Transclusion of peer reviews to article talk pages
Hello,
First time posting here.
I would like to propose that peer reviews be automatically transcluded to talk pages in the same way as GAN reviews. This would make them more visible to more editors and better preserve their contents in the article/talk history. They often take a considerable amount of time and effort to complete, and the little note near the top of the talk page is very easy to overlook.
This also might (but only might!) raise awareness of the project and lead to more editors making use of this volunteer resource.
I posted this suggestion on the project talk page yesterday, but I have since realized it has less than 30 followers and gets an average of 0 views per day.
Thanks for your consideration, Patrick (talk) 23:07, 2 January 2025 (UTC)
- I don't see any downsides here. voorts (talk/contributions) 01:55, 4 January 2025 (UTC)
- Support; I agree with Voorts. Noting for transparency that I was neutrally notified of this discussion by Patrick Welsh. —TechnoSquirrel69 (sigh) 21:04, 6 January 2025 (UTC)
- This is a great idea, it's weird that it isn't done already. Toadspike [Talk] 21:13, 6 January 2025 (UTC)
Remove Armenia-Azerbaijan general community sanctions
The following discussion is closed. Please do not modify it. Subsequent comments should be made on the appropriate discussion page. No further edits should be made to this discussion.
I believe Armenia and Azerbaijan sanction is now outdated and useless. I propose that the sanction on the two nations be removed permanently unless another diplomatic crisis happens between the two countries.
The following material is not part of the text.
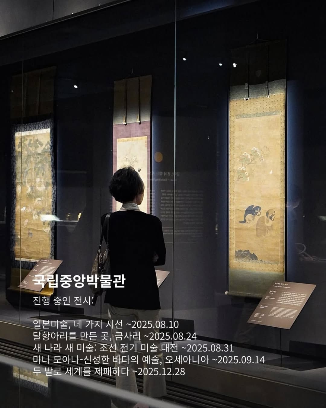 ▪️진행 중인 전시: <일본미술, 네 가지 시선>, <달항아리를 만든 곳, 금사리>, <새 나라 새 미술: 조선 전기 미술 대전>, <마나 모아나-신성한 바다의 예술, 오세아니아>, <두 발로 세계를 제패하다>
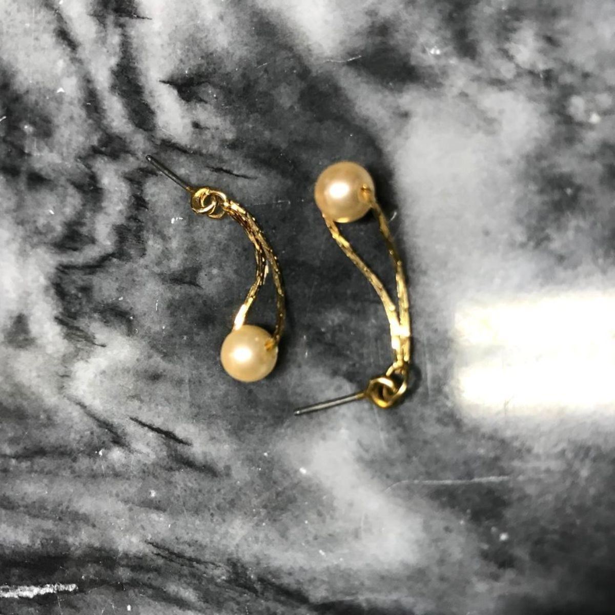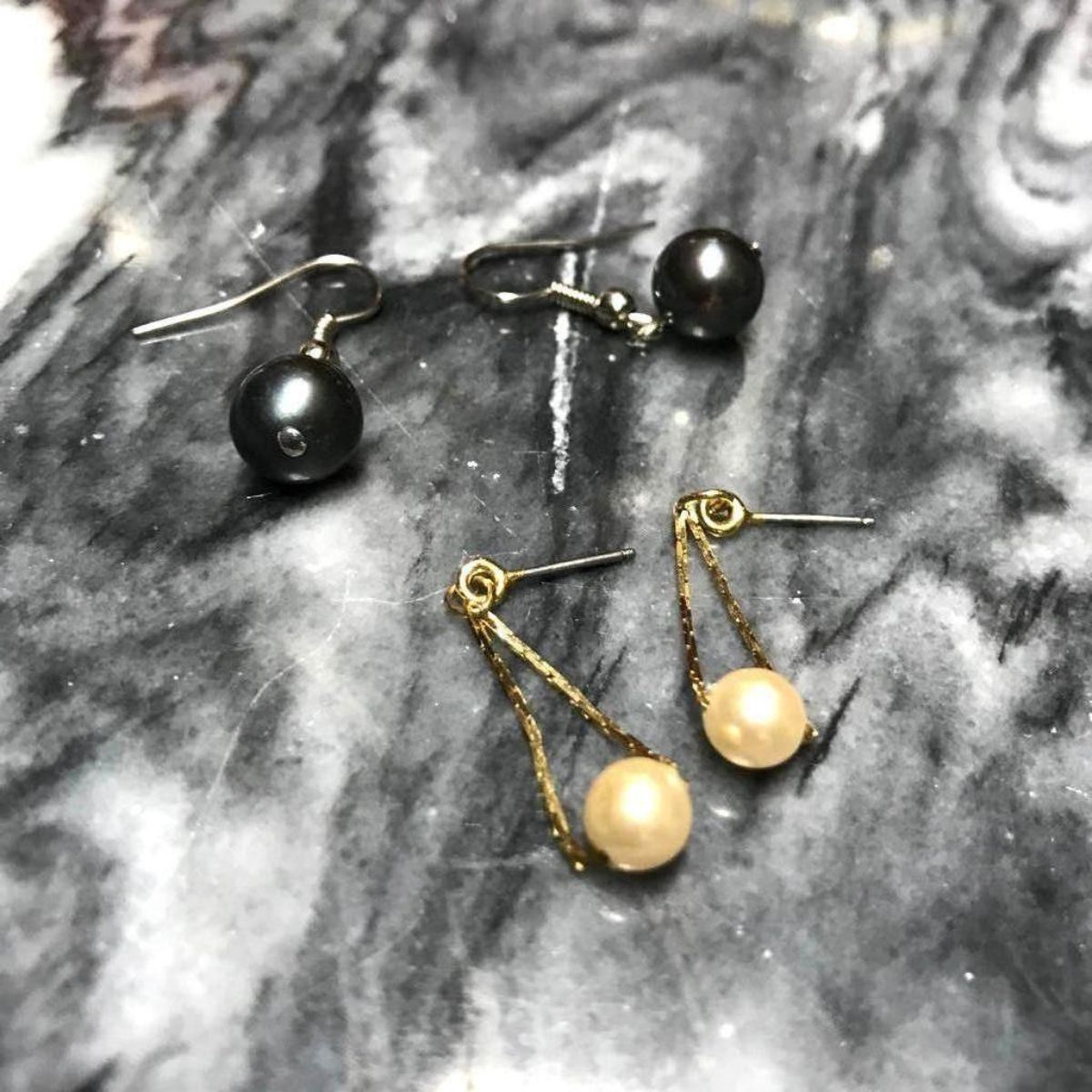 Two pairs of vintage pearl earrings -  a pair of 14kt gold wire drop-style post earrings with 5mm threaded white pearls & a pair of sterling silver hook style earrings with 8mm black pearls.Â

My reasons are: A recent statement was made by Armenia offering condolences to Azerbaijan which has almost never happened, I believe that Armenia and Azerbaijan related pages blanket protection of Extended Confirmed should be lowered to Autoconfirmed protection, with the exception of the wars between the two sovereign nations. Additionally, relations are getting better between the two countries. For nearly 30 years, relations were rock bottom, diplomats were not found in Azerbaijan nor Armenia and tensions were at an all time high. However ever since the 2020 war the two nations have started to make amends. This first started with the peace deal ending the war between the two nations. Turkey whom is a staunch ally of Azerbaijan has started to resume direct flights from Yerevan, the capital of Armenia and Istanbul, the largest city in the Republic of Turkiye. In 2023, Armenia and Azerbaijan entered into extensive bilateral negotiations as well as a prisoner exchange between the two countries, and Armenia supported Azerbaijan for being the host of the UN climate change forum. Finally, last year the two countries solved many border issues and created a transport route between the two countries which is a symbol of peace. The two nations are much better off now than they were just 4 years ago and can be seen as having a cooperative/reconciling attitude. That is why I propose an amendment that will immediately downgrade all protections (from ECP to ACP) for all Armenia-Azerbaijan related pages. SimpleSubCubicGraph (talk) 00:31, 4 January 2025 (UTC)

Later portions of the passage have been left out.